Mining class participation 

Another thing that I would love to have is the ability to transcribe not only what the instructor said but also who are the students that contributed to the discussion, together with what they said. This would allow not only to track and quantify participation but also uncover some patterns that may not be obvious to the instructor.

For example, take a look at this diagram below, created as part of the yearly teaching evaluation that we undergo at Stern:



The diagram was created by an evaluator who sat in my class, tracked the composition of the student body, where each student was sitting in the amphitheater, how many times they raised their hand, and how many times I asked them to answer a question. (To answer the inevitable question: No, the teaching feedback is not focused only on such analyses.
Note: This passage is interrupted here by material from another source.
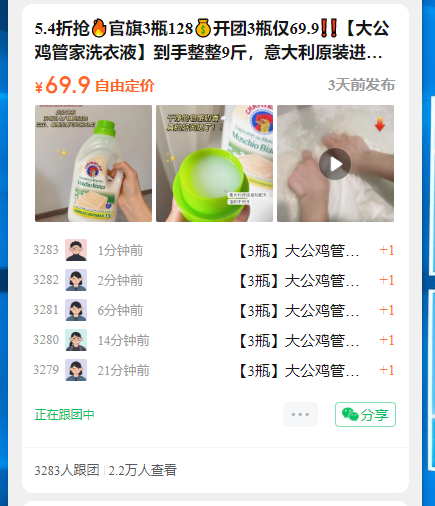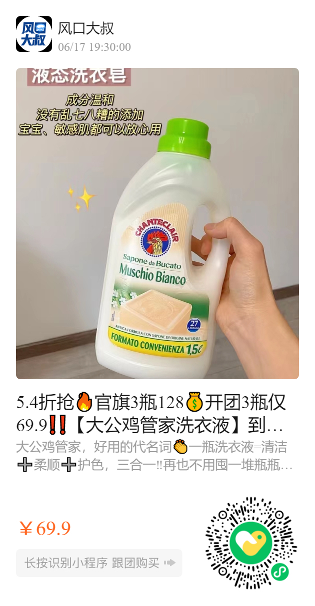 5.4折抢官旗3瓶128开团3瓶仅69.9❗️❗️【大公鸡管家洗衣液】到手整整9斤,意大利原装进口一瓶=清洁➕柔顺➕护色

In my earlier years, the feedback was focused more on substantial issues, e.g., structuring lectures and discussions, encouraging participation, etc. Now, with feedback and experience, the more substantial and important issues are addressed.  So we focus on such, seemingly more superficial, but also important, stuff...)

The results? I was paying significantly more attention to the left part of the amphitheater: I asked 80% of the time students sitting in the left, and only 20% of the time I asked students on the right. Also, the percentage of female students participating in the discussion was significantly lower: 50% for male students participated, but only 21% of the female students did.

These are patterns that are hard to understand while teaching, but would be easier to find out if we had detailed transcripts of the class discussion together, potentially, with a standardized seat chart. I was also told that some universities (the rumor is about Harvard Business School) use software to track student participation. However, I was not able to locate any such software offerings. 

Moving forward

The ability to videotape lectures has been around for a while and is being used extensively for distance learning applications. (Columbia Engineering had a well-established distance learning program when I joined the PhD program back in 1999.) However, it was mainly a broadcast mechanism, and not a medium for providing feedback to the instructor (and even to the students who can see that they are lacking in terms of participation). 

It would be interesting to start having such technologies for providing feedback on teaching. Analytics have been changing many industries. Education has been surprisingly behind in that respect.